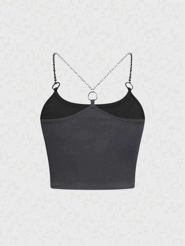 Grunge Punk Top de tirantes estampado de cráneo con cadena
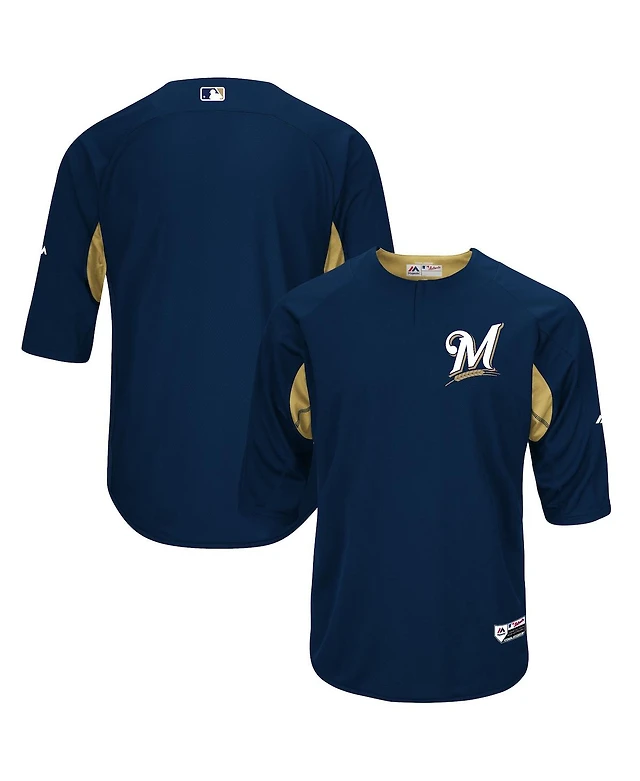 Men's Majestic Navy, Gold Milwaukee Brewers Authentic Collection On-Field 3/4-Sleeve Batting Practice Jersey
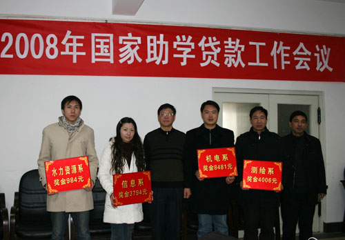 在上午的助学贷款工作会上,王书记强调了开展学生资助工作的重要意义,对我院近年来学生资助工作取得的成绩给予了充分肯定,并对今后进一步作好助学贷款工作及学生管理工作提出了要求。学生处处长菅浩然在对我院2007年度国家助学贷款进行了总结,他说,2007年我院共为1861名同学办理了助学贷款,贷款金额838.07万元,共有1323人提前还款、还息,助学贷款工作取得很大的成绩;他还对2008年工作进行了部署。之后,各系(部)负责国家助学贷款工作的同志进行了经验交流。学生处副处长李响就施行《黄河水院国家助学贷款工作绩效管理办法》进行了解释说明。学院还对2007年国家助学贷款工作成绩突出的系部进行了奖励。
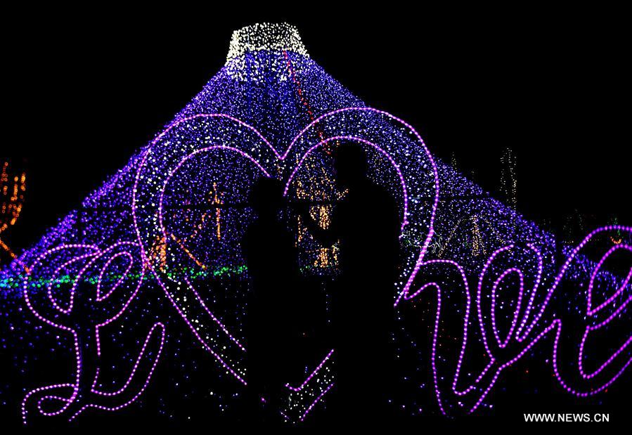 Tourists are silhouetted against the light that illuminates a park in Gu'an County of north China's Hebei Province Aug. 10, 2017. The county is hosting a light festival to attract tourists. (Xinhua/Wang Xiao)
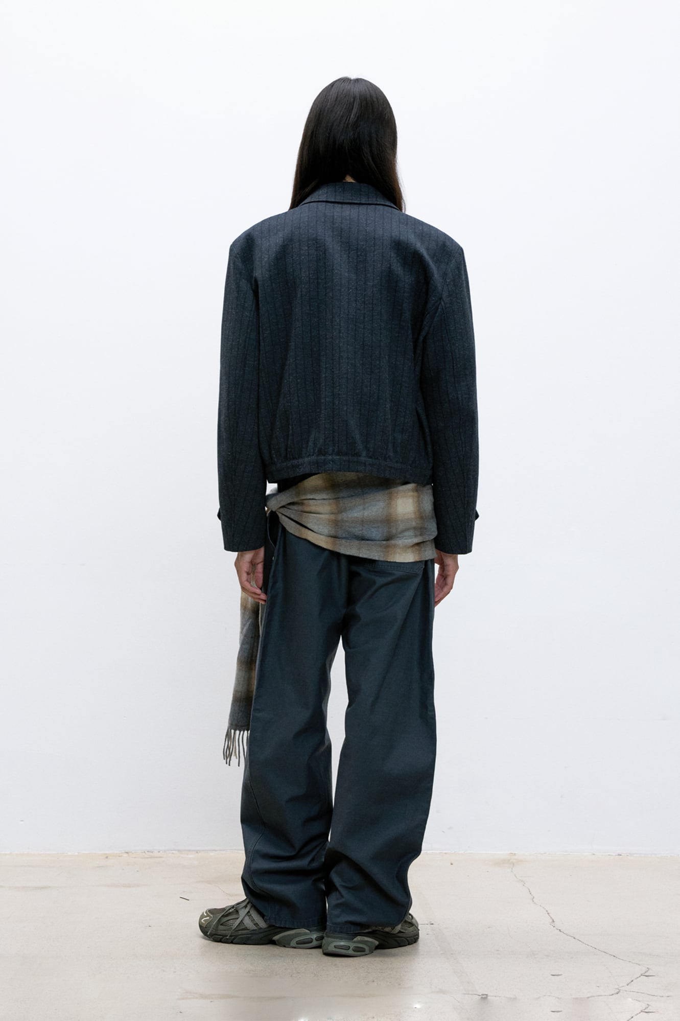 [COOR] Herringbone Stripe Wool Cropped Jumper (Charcoal Gray)
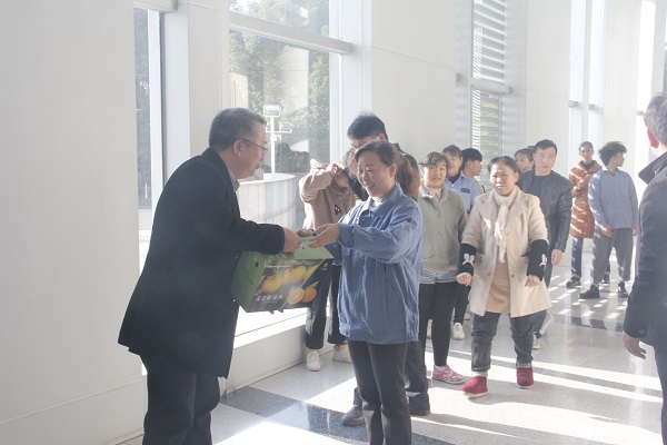 最后,工會(huì)呂主席、吳主任一行向在場(chǎng)所有工人們送去了水果禮盒,希望他們能過(guò)一個(gè)幸福甜蜜的新年。
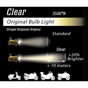 Lampadina progettata per scooter e moto. Filamento rinforzato anti-vibrazioni. Luce tipo originale, ma super luminosa! La linea Bryte CLEAR è la miglior soluzione per sostituire la lampadina originale con una lampada a più lunga durata. Luce più lumiosa del 20% rispetto ad una lampadina originale. Fascio di luce più profondo di circa 10mt rispetto alle lampadine originali. Omologazione E13, ECE R37
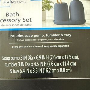 Mainstays 3 piece Bath Accessory Set: soap pump, tumbler, and tray. Sleek design. Perfect for any bathroom.
+++
- _Task details_: From the line with "[COOR] Herringbone Stripe" through the final line of the data above, copy everything exactly, both ends included, but not the pictures.

- _Answer space_:
 [COOR] Herringbone Stripe Wool Cropped Jumper (Charcoal Gray)
 最后,工會(huì)呂主席、吳主任一行向在場(chǎng)所有工人們送去了水果禮盒,希望他們能過(guò)一個(gè)幸福甜蜜的新年。
 Lampadina progettata per scooter e moto. Filamento rinforzato anti-vibrazioni. Luce tipo originale, ma super luminosa! La linea Bryte CLEAR è la miglior soluzione per sostituire la lampadina originale con una lampada a più lunga durata. Luce più lumiosa del 20% rispetto ad una lampadina originale. Fascio di luce più profondo di circa 10mt rispetto alle lampadine originali. Omologazione E13, ECE R37
 Mainstays 3 piece Bath Accessory Set: soap pump, tumbler, and tray. Sleek design. Perfect for any bathroom.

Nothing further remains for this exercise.